Additionally, the use of plasmid vectors like pcDNA3.1, as well as synthetic DNA fragments like GBlocks and GeneArt Gene Synthesis, can further enhance the efficiency and flexibility of codon optimization workflows.
Techniques like Gibson Assembly and In-Fusion cloning, which enable seamless DNA assembly, can also play a key role in optimizing codon usage and gene expression.
By leveraging these tools and techniques, researchers can simplify the codon optimization process, leading to more accurate and reproducible results in their recombinant DNA research and synthetic biology applications.
This process of codon optimization is crucial in synthetic biology and biotechnology, as it enhances protein expression and recombinant DNA research.
Codon optimization involves the strategic selection and arrangement of codons to maximize the efficiency of protein production in a given host organism.
This is particularly important when working with heterologous genes, where the codon usage patterns of the source and host organisms may differ significantly.

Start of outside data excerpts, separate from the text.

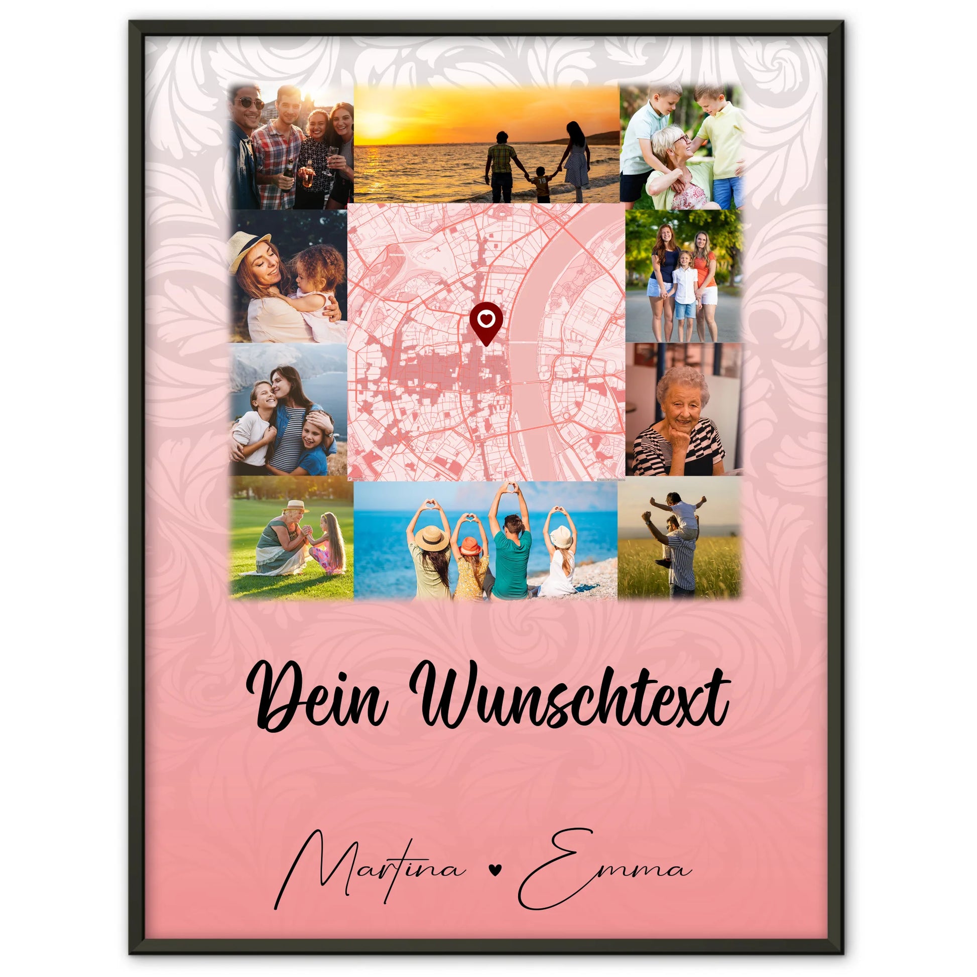 Poster Mit Namen Familie Together mit 10 Fotos Karte in der Mitte und Wunschtext
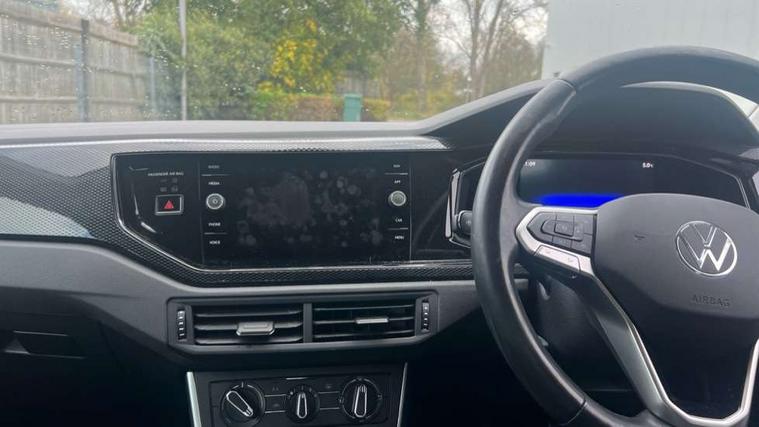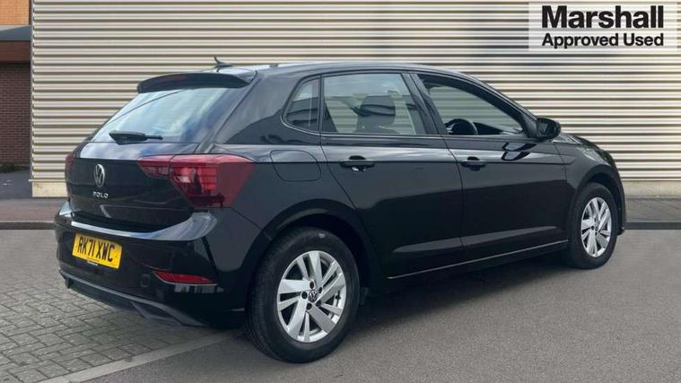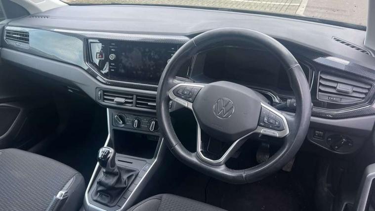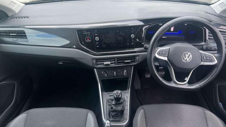 Adaptive cruise control without follow-to-stop and speed limiter, Bluetooth mobile phone interface, Driver alert system, Emergency call service, Front assist system, Power assisted speed sensitive steering, Preparation for We connect and We connect plus, Speedo and rev counter, electronic odometer, trip, service interval display and fuel gauge, Standard rear axle, Travel Assist - Lane keeping system and traffic jam assist, Travel assist including emergency assist, Trip computer, Warning signal and warning light for front and rear seatbelts not fastened, Washer fluid level indicator, Wireless app connect, Front wheel drive, Rear shock absorpion, Start-stop system with battery regeneration (recuperation - energy recovery during braking), DAB Digital radio, Diversity antenna for FM reception, Automatic dimming interior rear view mirror, Body colour bumpers, Body colour door handles, Body colour door mirrors, Electric front windows, Heat insulating darkened glass in side and rear windows, Heat insulating glass windscreen, Power folding adjustable/heated exterior mirrors and front passenger exterior mirror lowering function, Rain sensor, Rear electric windows, Rear fog light, Rear side wing doors, Rear windscreen washer and wiper with interval delay, Third brake light, 12V power socket in centre console, 2 front and 2 rear reading lights, 2 USB-C ports in the front, 2 USB-C charging sockets on the center console in the rear, 3 rear head restraints, 60/40 split folding rear seat and rear seat bench not split, Ceramique headliner, Chrome plated radiator grille inserts, air vent surrounds and light switch surrounds, Door and side trim panel, Driver and front passenger seat height adjustment, Driver/passenger sunvisors with illuminated vanity mirrors, Front centre armrest, Front seat backrest storage pockets, Front standard seats, Handbrake lever handle in leather, Hartley/Thomas cloth upholstery, Isofix child seat preparation easy-fit (for two outer rear seats, and front passenger seat) compatible with I-size, Leather trimmed gear knob, Luggage compartment cover, Luggage compartment floor, Luggage compartment lighting, Multifunction steering wheel, Single front passenger seat, Standard pedal cluster, Light and vision pack - Polo, 3 point height adj front seatbelts + pretensioners, 3x3 point rear seatbelts, ABS, Driver and front passenger airbag with front passenger airbag deactivation, Drivers and front passengers safety optimised head restraints, ESC (Electronic stability control) + EDL (Electronic Differntial lock) and ASR (Traction control), Extended and predictive pedestrian/ cyclist protection, Front curtain and side airbags with center airbag, Front disc brakes, Hill hold control, Manual child lock in rear doors, Rear drum brakes, Single tone horn, Tyre pressure loss indicator, Alarm with interior protection, Anti-theft alarm system with interior monitoring, backup horn, and towing protection, Anti-theft wheel bolts, Electronic engine immobiliser, Lava stone black gloss/matt decorative inserts in dash and front door panels, Low rolling resistance tyres,
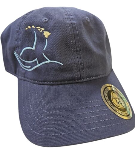 Ever popular baseball dad caps with embroidered Whale with Hawaiian islands.
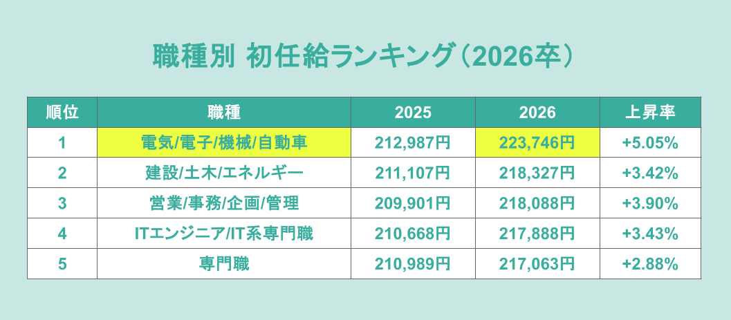 さらに、26卒における初任給を職種別のランキングで分析したところ、「電気/電子/機械/自動車」が223,746円で1位となりました。次に「建設/土木/エネルギー」が218,327円、「営業/事務/企画/管理」が218,088円、「ITエンジニア/IT系専門職」が217,888円、「専門職」が217,063円と続いています。
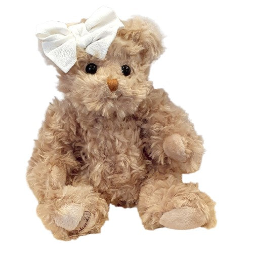 Cette petite oursonne en peluche bouclée marron est d'une remarquable douceur et se prénomme little Girlfriend.
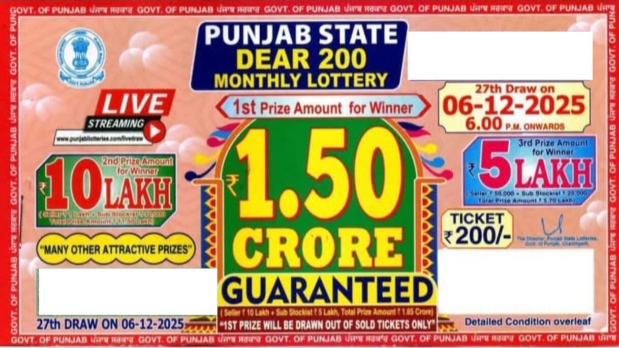 Punjab state dear 200 monthly lottery 6 december 2025 at 6pm
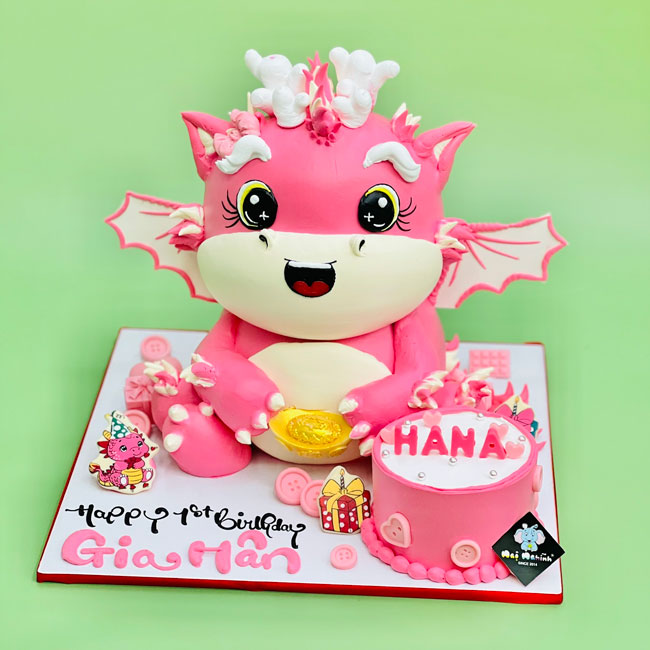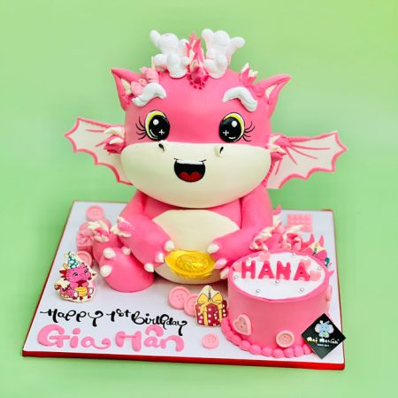 Bánh sinh nhật tạo hình 3d con rồng tuổi thìn màu hồng cực đáng yêu
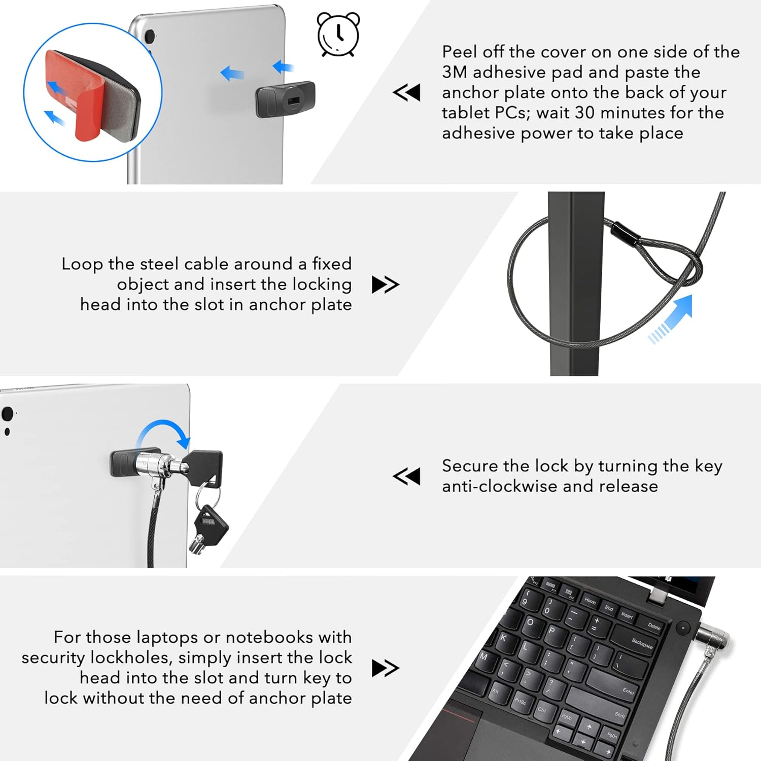 AboveTEK Laptop Lock, Tablet Lock Security Cable, 2 Keys Sturdy Steel iPad Locking Kit w/Adhesive Anchors, Anti Theft Hardware Protection for iPhone Mobile Notebook Computer Monitor MacBook Laptop
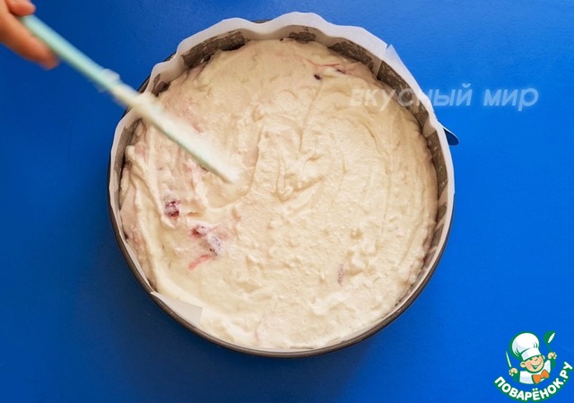 По желанию можно добавить изюм, цукаты или оставить запеканку с ванильным вкусом. Форму для запекания смазываем маслом или застелить пергаментом, (форма 20см). Выкладываем творожную смесь в форму, разравниваем.

Tools like GeneArt, a leading provider of custom DNA synthesis and gene optimization services, can help streamline the codon optimization process.
Similarly, popular reagents such as Lipofectamine 2000 (a transfection reagent), the Q5 Site-Directed Mutagenesis Kit (for introducing targeted mutations), and the In-Fusion HD Cloning Kit (for seamless DNA assembly) can all contribute to improving the accuracy and reproducibility of codon optimization experiments.
Additionally, the use of plasmid vectors like pcDNA3.1, as well as synthetic DNA fragments like GBlocks and GeneArt Gene Synthesis, can further enhance the efficiency and flexibility of codon optimization workflows.
Techniques like Gibson Assembly and In-Fusion cloning, which enable seamless DNA assembly, can also play a key role in optimizing codon usage and gene expression.
By leveraging these tools and techniques, researchers can simplify the codon optimization process, leading to more accurate and reproducible results in their recombinant DNA research and synthetic biology applications.